**Exercise objective:** Exact transcription, pictures omitted: reproduce the listing below.

START Dataset section

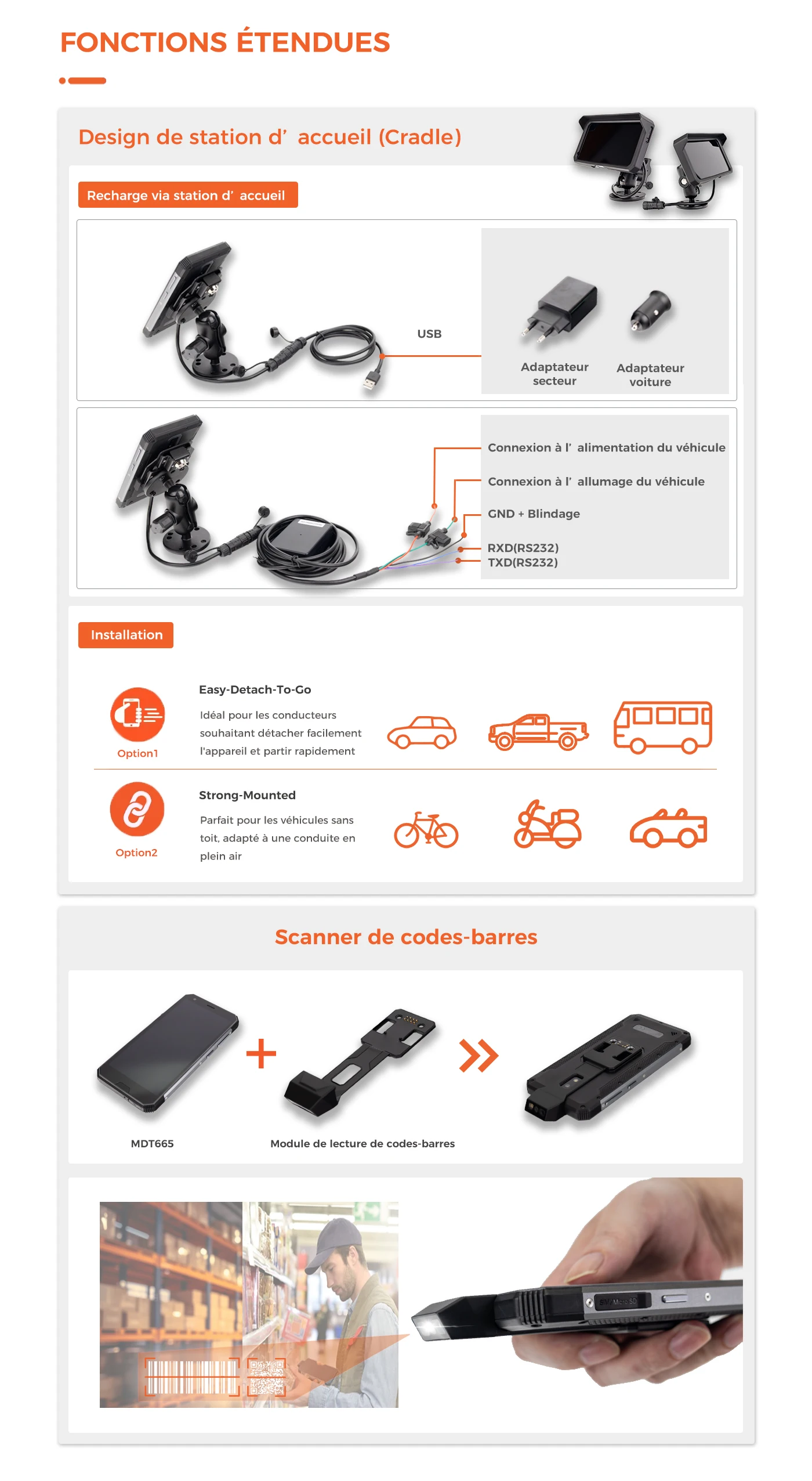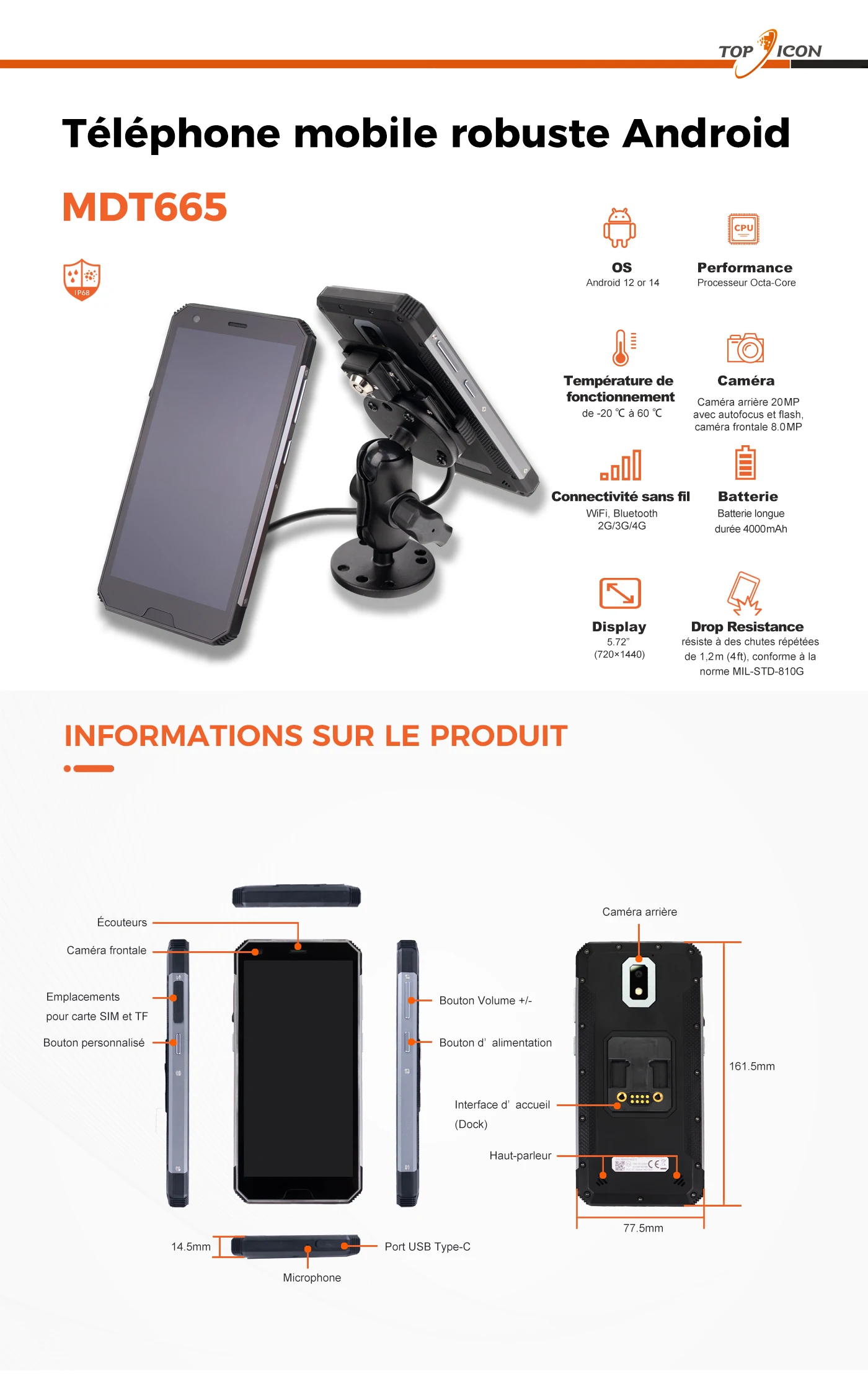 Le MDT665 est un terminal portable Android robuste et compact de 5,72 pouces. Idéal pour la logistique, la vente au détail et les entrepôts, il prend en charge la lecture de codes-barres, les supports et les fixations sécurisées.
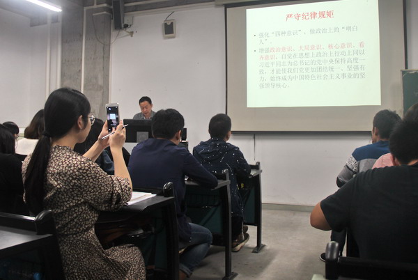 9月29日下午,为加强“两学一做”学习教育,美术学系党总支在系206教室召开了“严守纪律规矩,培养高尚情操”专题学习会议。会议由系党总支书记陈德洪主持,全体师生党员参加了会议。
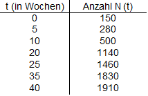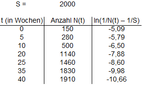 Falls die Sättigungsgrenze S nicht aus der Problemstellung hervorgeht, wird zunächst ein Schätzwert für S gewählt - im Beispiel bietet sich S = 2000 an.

END Dataset section

**Result:**
 Le MDT665 est un terminal portable Android robuste et compact de 5,72 pouces. Idéal pour la logistique, la vente au détail et les entrepôts, il prend en charge la lecture de codes-barres, les supports et les fixations sécurisées.
 9月29日下午,为加强“两学一做”学习教育,美术学系党总支在系206教室召开了“严守纪律规矩,培养高尚情操”专题学习会议。会议由系党总支书记陈德洪主持,全体师生党员参加了会议。
 Falls die Sättigungsgrenze S nicht aus der Problemstellung hervorgeht, wird zunächst ein Schätzwert für S gewählt - im Beispiel bietet sich S = 2000 an.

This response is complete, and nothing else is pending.